# clear coating w Devcon



## socdad (Jul 25, 2005)

When clear coating w Devcon 2 ton epoxy is it helpful to thin the epoxy, if so how much? (thin w denatured alcohol?) How long should the bait be left on the drying wheel?


----------



## vc1111 (Apr 13, 2004)

What species are you building baits for? I ask because normally Devcon can be applied without thinning it. The only time I would consider thinning it is if the lures are very small and you are concerned about applying losing some action from too thick a coat of clear.

The curing time is a minimum of about 4 or 5 hours, but you will only need to leave the bait spinning on the wheel for about 20 to 30 minutes, depending on the air temps, humidity in the room, etc. It "sets up" pretty fast really.

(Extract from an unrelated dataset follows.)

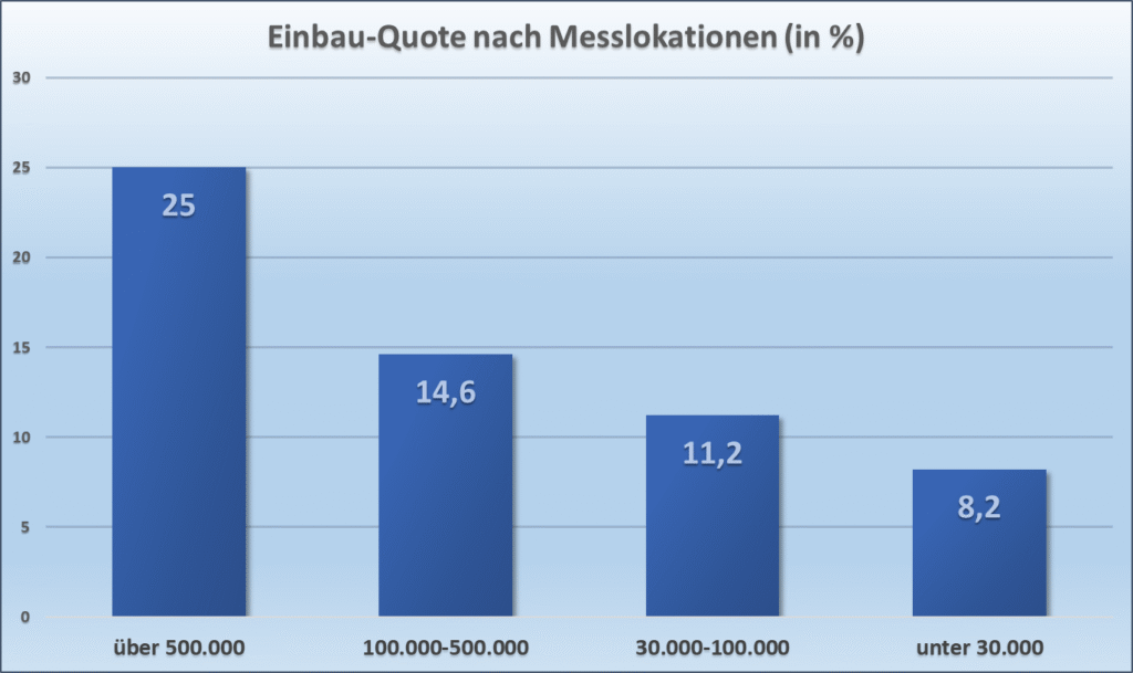 Die im Mittel erreichte 20-Prozent-Quote kaschiert erhebliche Unterschiede zwischen den Messstellenbetreibern. Die Bundesnetzagentur unterscheidet nach Größenklassen, gemessen an der Anzahl der Messlokationen pro Unternehmen. Bei den 18 größten Messstellenbetreibern mit jeweils mehr als 500.000 Messlokationen liegt die Einbauquote für Pflichteinbaufälle im Schnitt bereits bei 25 Prozent. In der Gruppe der 67 Betreiber mit 100.000 bis 500.000 Messstellen beträgt der Durchschnitt 14,6 Prozent, bei 129 Unternehmen mit 30.000 bis 100.000 Messlokationen noch 11,2 Prozent.

Sometimes I don't even use the drying wheel with Devcon. I hold the bait by the tail hook screw eye with a pair of vice grips and apply the Devcon. Then I pass a heat gun over the bait lightly and quickly to remove all the air bubbles and simply rotate the bait with the vice grips for 15 to 20 minutes while reading stuff on the internet. In 20 minutes of so you can simply carefully lay place the bait, (which is still clamped in the vice grips "handle") somewhere where it will not be disturbed or touched for the minimum 4 hour period.

Actually the Devcon continues to cure for at least 24 hours, but it will be able to be handled and even recoated after about 4 to 6 hours.


----------



## socdad (Jul 25, 2005)

Thanks for the info ... right now I'm just experimenting, eventually building big baits (musky)


----------